_Entries taken from a collection:_

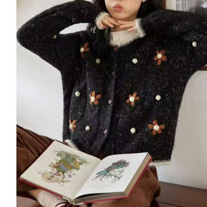 韩系立体钩花开衫毛衣女秋冬2025新款法式复古高级感温柔风针织衫
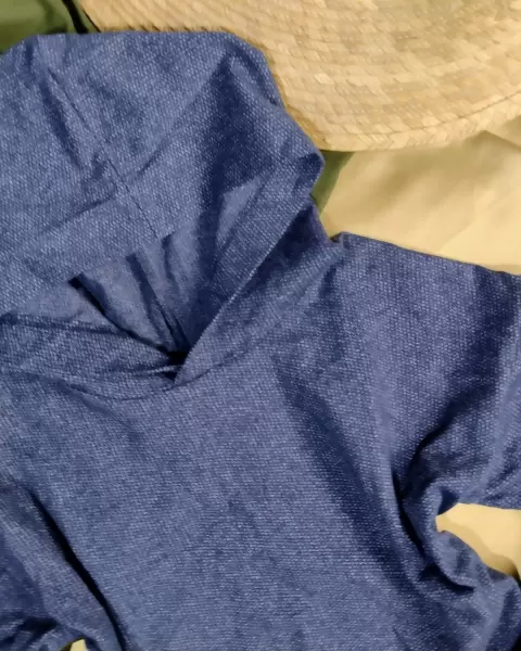 Suéter corto con capucha color azul. ❤Precio a tratar si la. Compra es inmediata o si te interesan otras prendas✨Se envía todo en un mismo paquete para ahorrarnos los envios :3Sueter corto y holgado con capucha color azul👀Talla CH pero tambien queda a M👉De uso en perfecto estado sin ningun detalle🪡MEDIDAS de costura a costuraDe axila 53 cmDe largo 40 cm
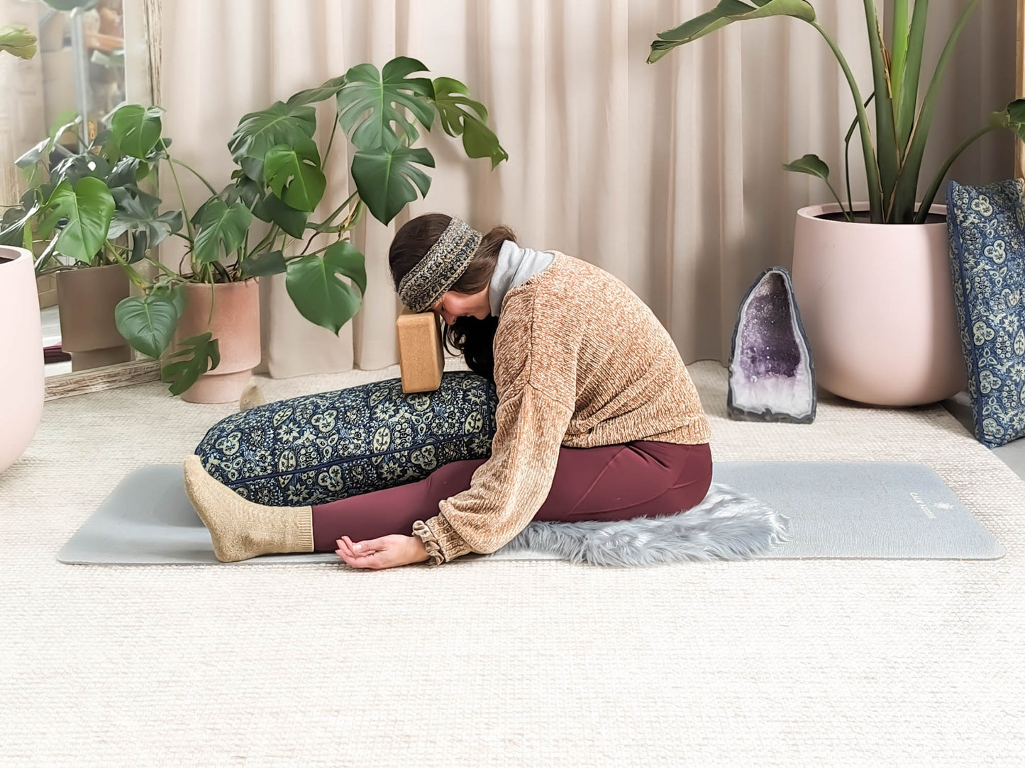 In Yin yoga the intention is to find a comfortable and relaxing edge. Practice with self-kindness and compassion, modify where necessary and use as many props as you need to relax.
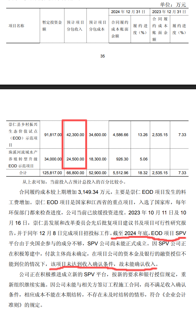 2.江西崇仁项目和海南珠溪河项目,先说崇仁项目,他从24年底就开始停止确认营收,之前22.23年总共确认营收成本是7100万,营业成本还有2.75亿没有确认,这只是成本,按照工程承包毛利率收益10%算,能确认大概营收3个亿,但是这部分24年底就停止了,因为没成立SPV公司,目前我暂未得知成立没,但是一旦成立签施工合同就能确认收入,这笔3个亿的收入少说确认1.5个亿,这是一个隐藏福利,你猜新实控人会不会努力去确认。
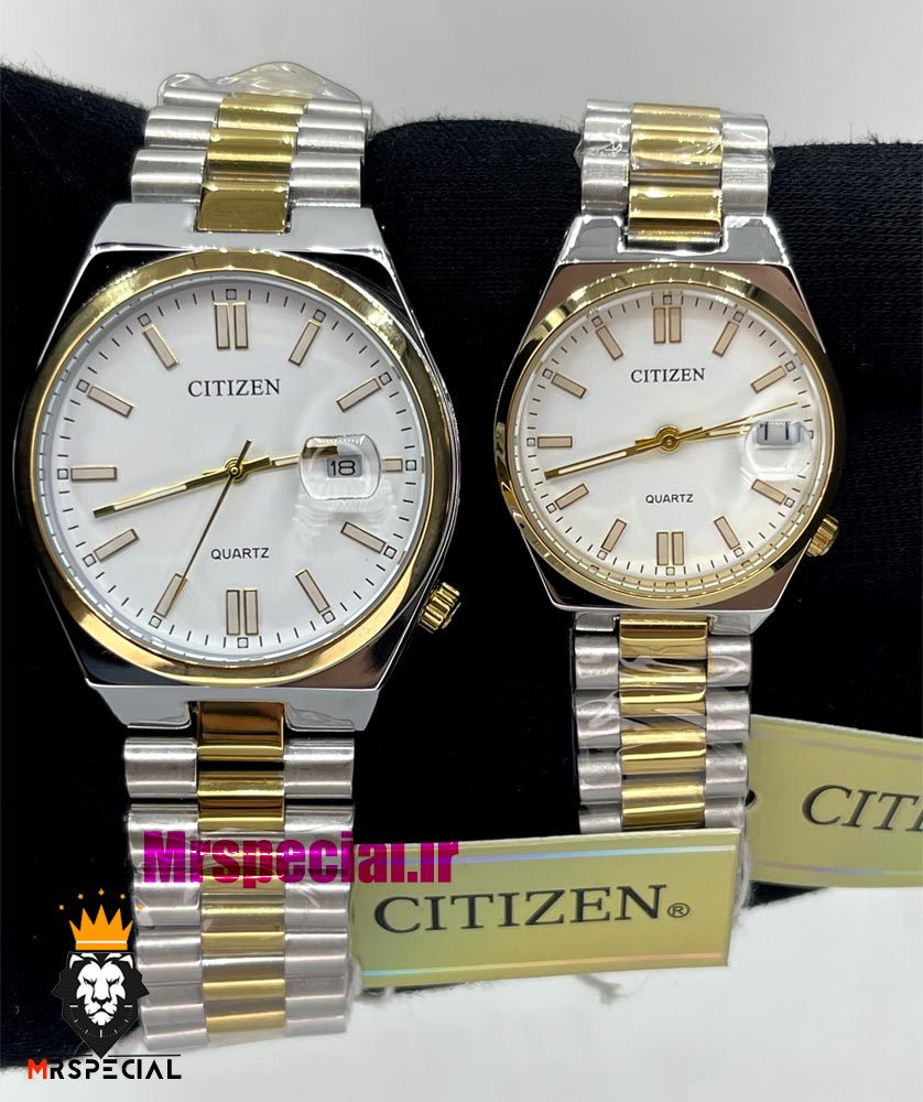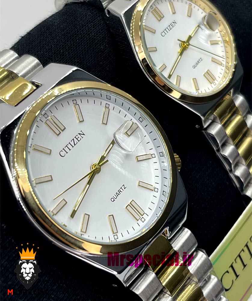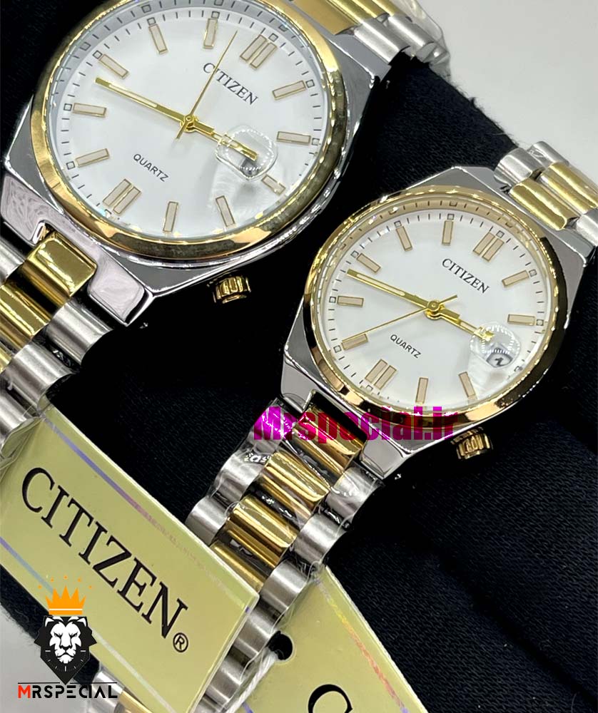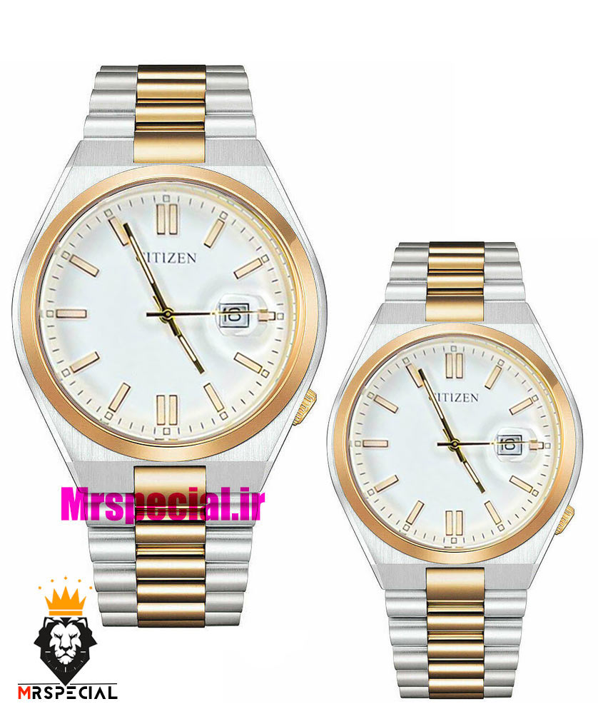 ساعت سیتیزن ست مردانه و زنانه مدل سویوسا کوارتز دورنگ طلایی صفحه سفید 020737 CITIZEN TSUYOSA

_Brief:_ Without the pictures, transcribe exactly the lines above from the one containing "In Yin yoga" through the last.

_Your response:_
 In Yin yoga the intention is to find a comfortable and relaxing edge. Practice with self-kindness and compassion, modify where necessary and use as many props as you need to relax.
 2.江西崇仁项目和海南珠溪河项目,先说崇仁项目,他从24年底就开始停止确认营收,之前22.23年总共确认营收成本是7100万,营业成本还有2.75亿没有确认,这只是成本,按照工程承包毛利率收益10%算,能确认大概营收3个亿,但是这部分24年底就停止了,因为没成立SPV公司,目前我暂未得知成立没,但是一旦成立签施工合同就能确认收入,这笔3个亿的收入少说确认1.5个亿,这是一个隐藏福利,你猜新实控人会不会努力去确认。
 ساعت سیتیزن ست مردانه و زنانه مدل سویوسا کوارتز دورنگ طلایی صفحه سفید 020737 CITIZEN TSUYOSA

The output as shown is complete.